S.1.3.2 Soil Nitrogen
Nitrogen enters the simulated system as either synthetic fertilizer or as deposition from precipitation and irrigation. An efficiency factor is assigned to each fertilizer type, the non-efficient part contributing to 66% to humus build up and to 34% to N gas losses through volatilization and denitrification. Nitrate transport in the soil profile is a function of N available in the layer and the rate of water transport in the profile (Brisson et al., 1998). Nitrification occurs in layers as a function of biological activity, and is dependent on NH4+ availability, soil temperature, soil moisture, and soil pH; while denitrification is estimated as a constant potential rate proportional to the NO3- content and limited by temperature, and soil moisture status (Brisson et al., 2008). Nitrous oxide emissions from nitrification and denitrification occur as a constant fraction of the NH4+ being nitrified and the NO3- being denitrified, respectively (Brisson et al., 2008).

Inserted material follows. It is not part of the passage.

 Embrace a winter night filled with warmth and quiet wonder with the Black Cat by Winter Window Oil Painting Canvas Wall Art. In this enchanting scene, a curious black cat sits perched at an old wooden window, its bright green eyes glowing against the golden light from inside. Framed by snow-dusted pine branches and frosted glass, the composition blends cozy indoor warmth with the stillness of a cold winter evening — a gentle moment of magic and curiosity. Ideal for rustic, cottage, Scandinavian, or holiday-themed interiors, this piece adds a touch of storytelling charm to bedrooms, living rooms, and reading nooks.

The mineralization of nitrogen from soil organic matter is calculated for biologically active layers (e.g., ploughing depth), and the decomposition rate of the “active” carbon pool is calculated using first-order kinetics, while the “stable” remains inert (Brisson et al., 1998, 2008).

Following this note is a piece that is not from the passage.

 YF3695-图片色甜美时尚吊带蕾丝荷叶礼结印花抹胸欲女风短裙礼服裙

S2. Results Supporting Information
S.2. Nitrogen
S.2.3. Crop N Uptake
Liao et al. (2004) indicated that wheat N uptake is increased with increased rooting depth and linear relationships between root density and N uptake have been found (Kristensen and Thorup-Kristensen 2004). However, nitrogen-deficient plants will direct their root growth towards areas of available N (Drew and Saker 1975; Brady et al. 1995). This behaviour has also been found with respect to soil water uptake (Hamblin and Tennant 1987). Each of the investigated models has a rather simplified root depth estimation (and no estimate of root density), so that abovementioned processes were not properly accounted for in the model simulations. This is, however, partially due to the lack of appropriate datasets needed to develop and test more complex root growth models.
S.2.4. Gaseous N Loss
Ruser et al. (2001) found that N2O emissions are closely related to the mean soil nitrate content in the Ap horizon, a finding that was also reported by Zebarth et al. (2008a). Such a correlation was found in the DayCent simulations, however, in the DNDC simulations correlation analysis showed a linkage between the surface ammonium content and N2O emissions instead, thus rather suggesting nitrification as a major contributor. Zebarth et al. (2008a) reported that they were not able to tie the timing of N2O emissions to fertilization events, a finding that was repeated by Zebarth et al. (2008b). Burton et al. (2008) found steadily low N2O emissions interrupted by a few higher emission events, which are correlated to spring thaw, fertilization and/ precipitation. This was more clearly represented in the simulations of DNDC, where steady small N2O emissions contributed roughly as much to the total as the precipitation driven peaks, than it was in DayCent, where extended N2O peaks tended to dominate in fall when both moisture and nitrogen availability coincided (not shown).